In the early days of LLMs (2020-2022), developers spent 80% of their time writing “Garbage Disposal” code—complex regex functions designed to clean up the conversation. You would ask for a list of fruits and get: “Sure, I love fruits! Here they are: 1. Apple, 2. Banana… hope this helps!”. This was the “Dark Ages” of agentic engineering. Today, we handle this through Hard Constraints.

1.2 The Precision/Creativity Trade-off

There is a fundamental tension in LLMs. The more you force them to follow a structure (Precision), the less “Creative” they become. For an agent checking a bank balance, you want 100.0% precision and 0.0% creativity. Structured output is the dial you use to turn down the model’s “hallucination engine” and turn up its “logic engine.”

1.3 Why JSON Won the AI War

While LLMs can output XML or YAML, JSON is the undisputed champion. It is token-efficient, natively supported by all major model providers (OpenAI, Gemini), and perfectly matches the dict and class structures of modern programming languages like Python and TypeScript.

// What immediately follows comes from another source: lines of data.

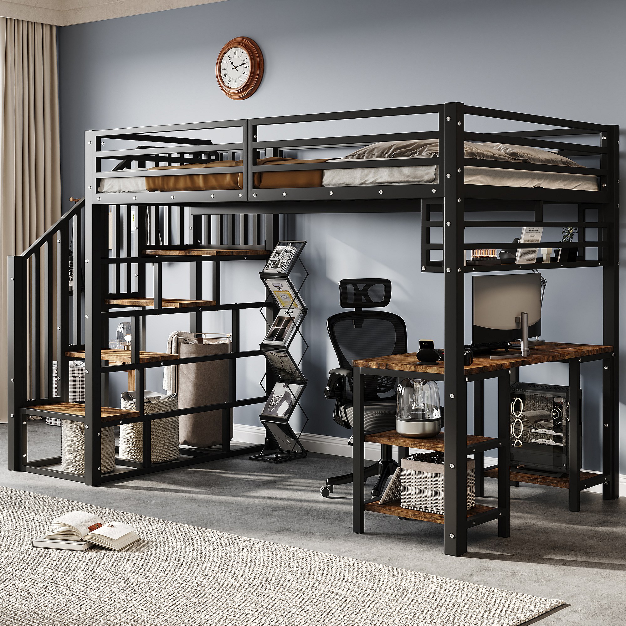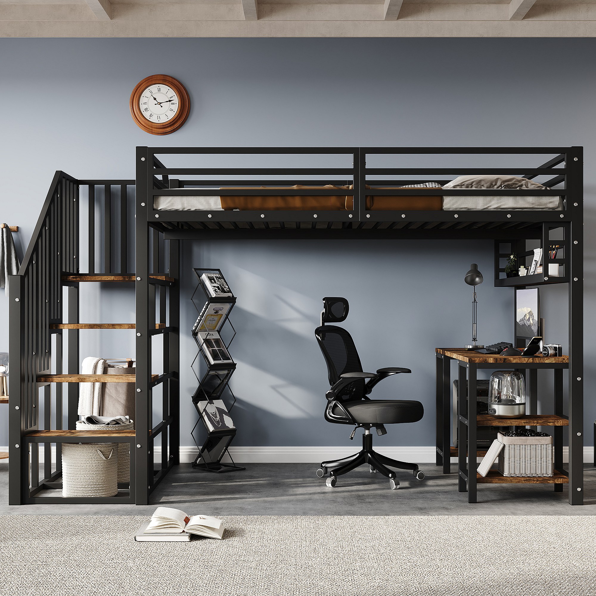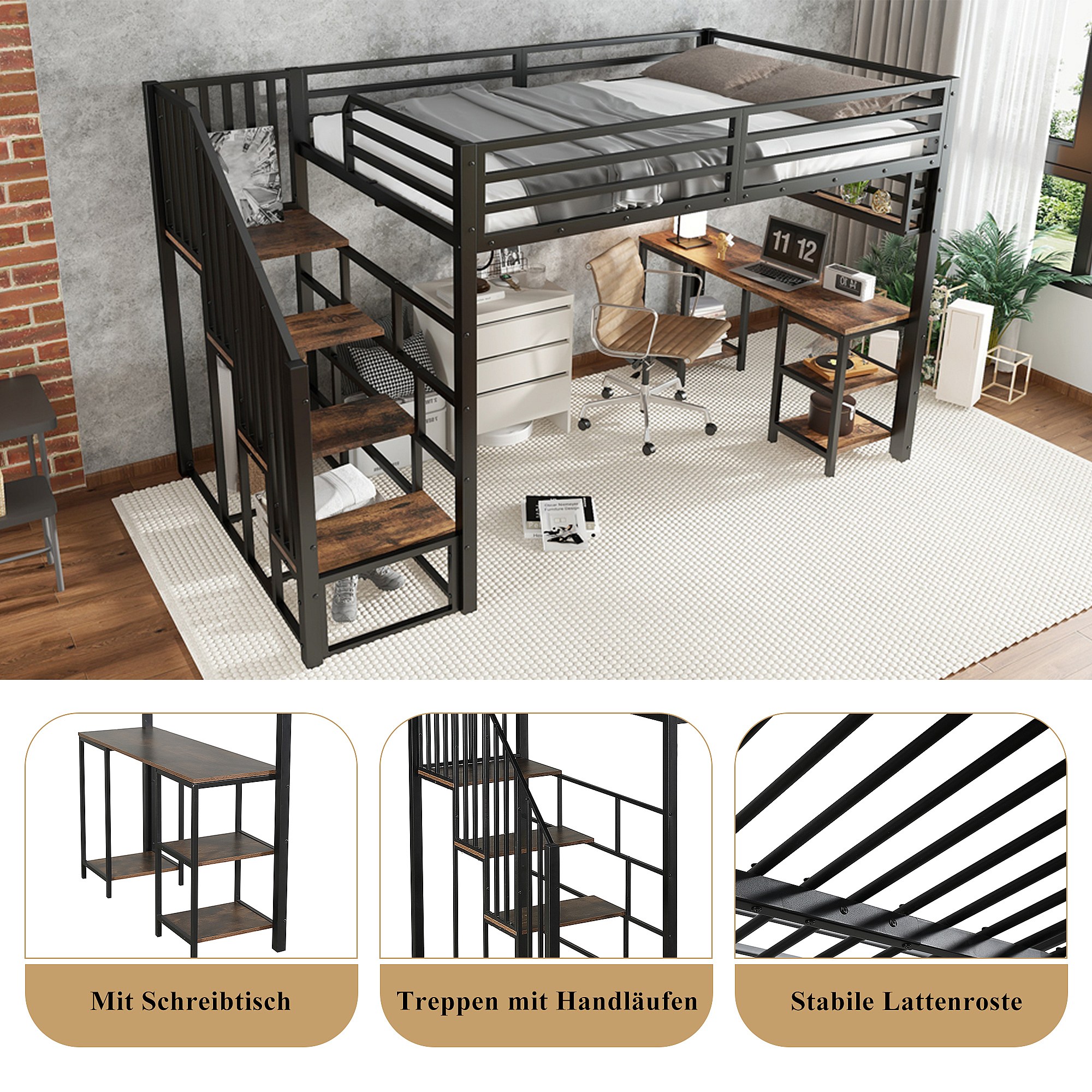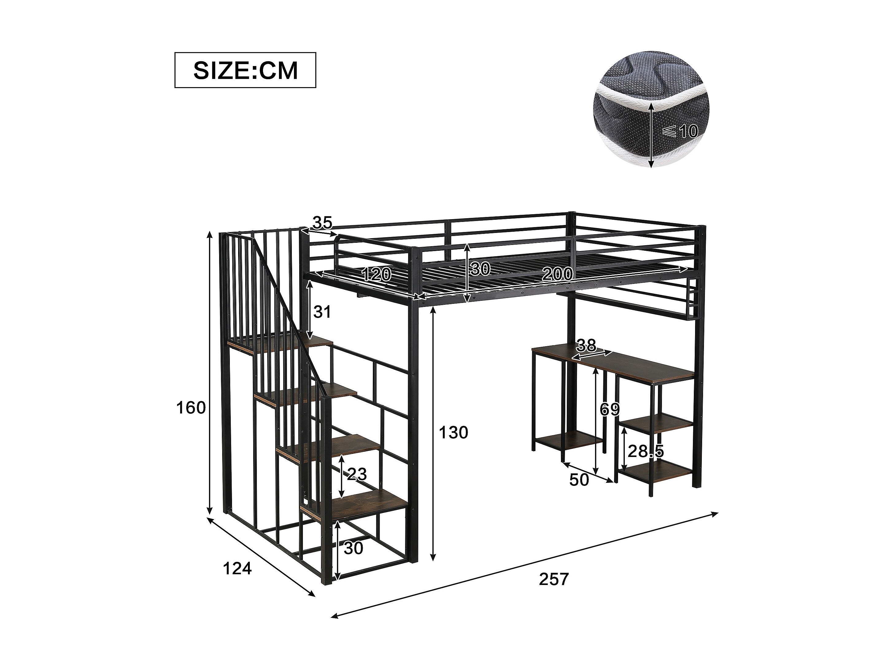 Letto a soppalco in ferro - 120 x 200 cm - con scaletta contenitore + scrivania e ripiano - ferro + truciolato - nero
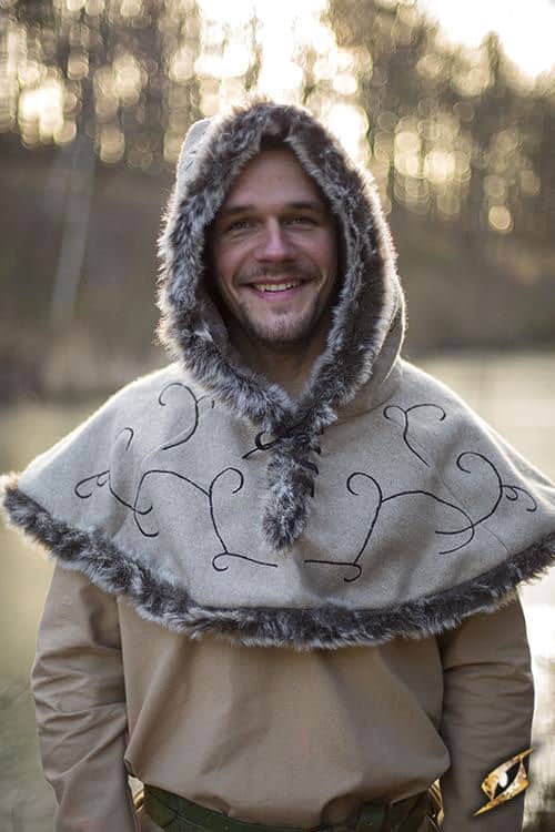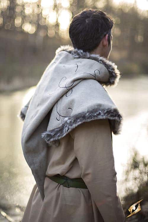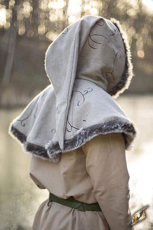 Epic Armourys Fur Hood is an embroidered mantle with a long hood tail. The mantle covers the shoulders, keeping the upper chest warm while the hood protects the head and face from harsh wind. Elvish embroidery and polyester fur trim embellishes this hood, adding great detail to the felted wool. The inside is lined with soft, comfortable cotton.
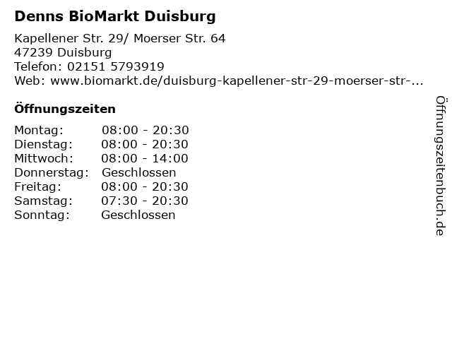 | Öffnungszeiten Denns BioMarkt Duisburg in Duisburg anzeigen | |
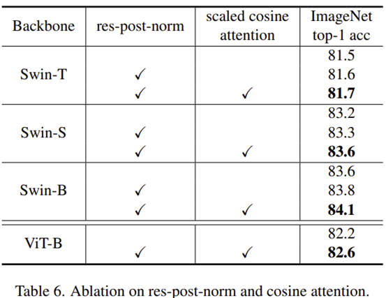 - 안정적 학습 → Residual Post-Norm과 Scaled Cosine Attention으로 대규모 모델에서도 학습 안정성 확보
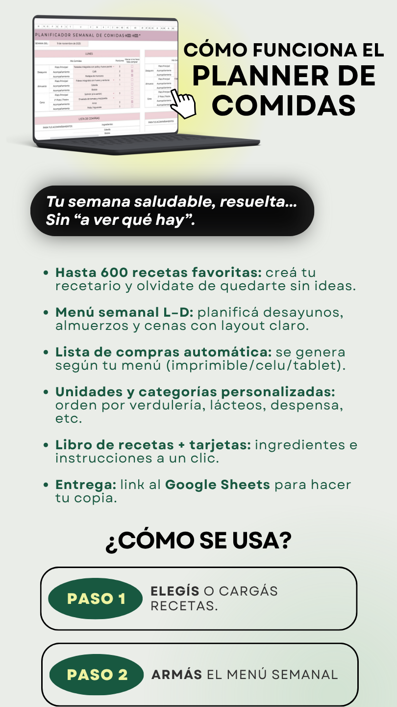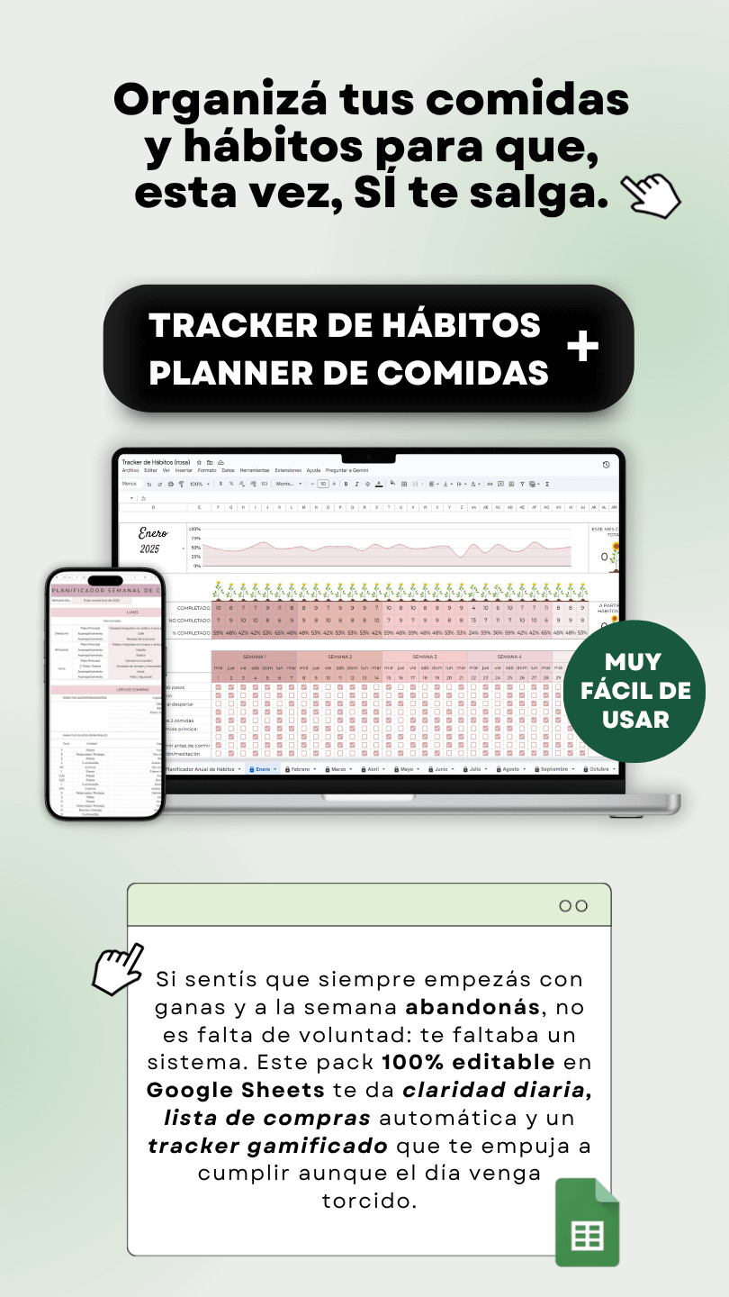 Los abrís desde tu celu o compu, hacés una copia en tu Google Drive y listo, ya tenés tu sistema de organización alimentaria y de hábitos para usar todas las semanas.
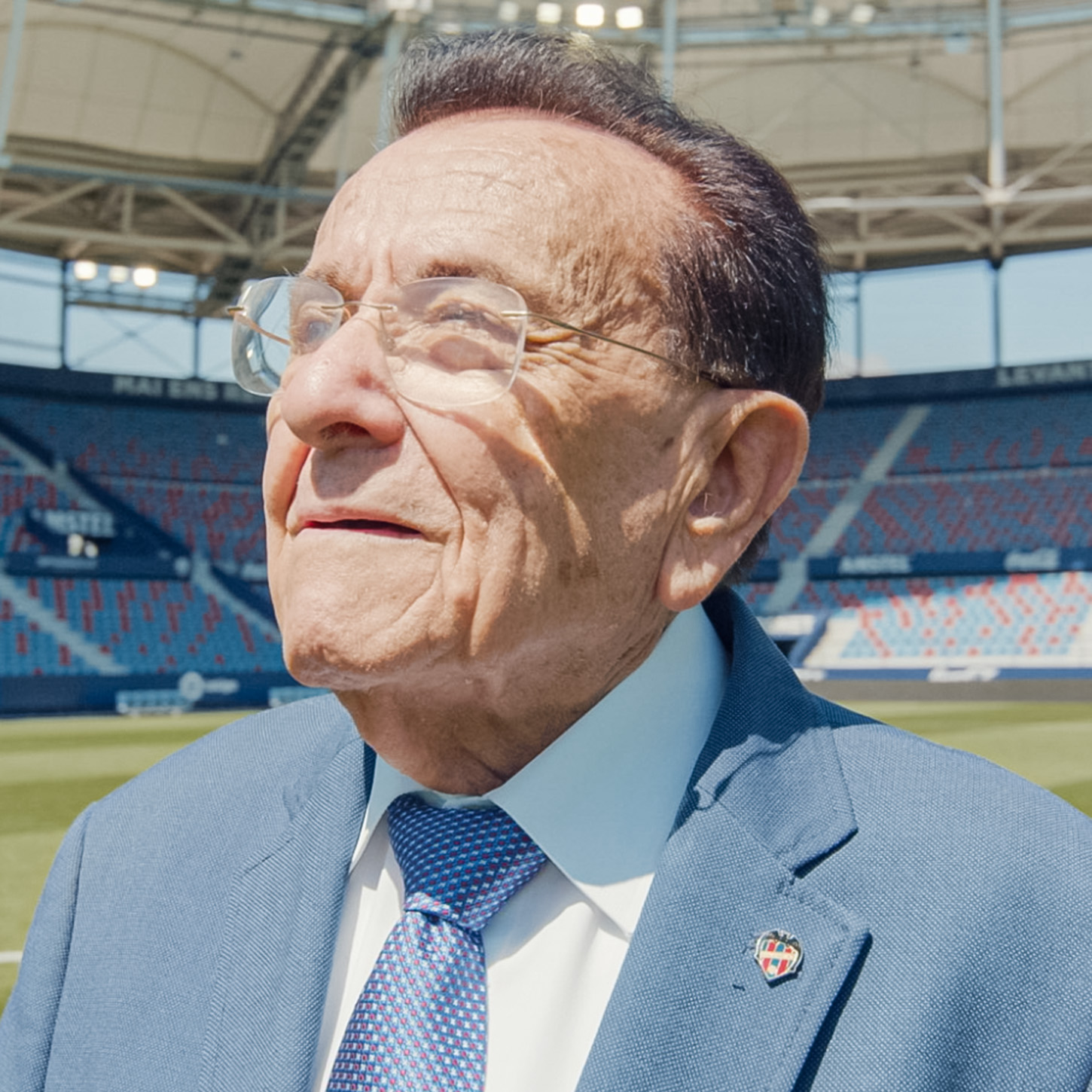 Enamorado del Levante UD desde los 14 años, Paco Fenollosa es el presidente de honor del club y una institución para toda la familia granota, que ve representada en él la historia de su equipo

2. Roadmap & Junior Engineer Goals

Structured output is the “Final Frontier” of agentic reliability.

Step 1: The Scraper

Learn to use Pydantic to extract data from messy text. This is the “Hello World” of structured output.

Step 2: The Action-Taker

Connect your Pydantic schemas to actual Python functions. When the agent outputs a ChargeCard object, the money actually moves. This requires High-Stakes Validation.

Step 3: The Architect

Design a recursive, self-healing system where agents can update their own schemas and communicate via complex DAGs.


3. Implementing a “Drafting” Loop for JSON

Sometimes a single turn is not enough to get a complex JSON right.

The Workflow:

  1. Draft: Agent A outputs a draft JSON.
  2. Audit: An automated script checks for “Null” fields or type mismatches.
  3. Refactor: The script sends a prompt back: “Your JSON had 2 empty fields. Based on the source text, can you fill those in? Here is your previous attempt: [JSON]”
  4. Final: The agent outputs the complete, verified JSON.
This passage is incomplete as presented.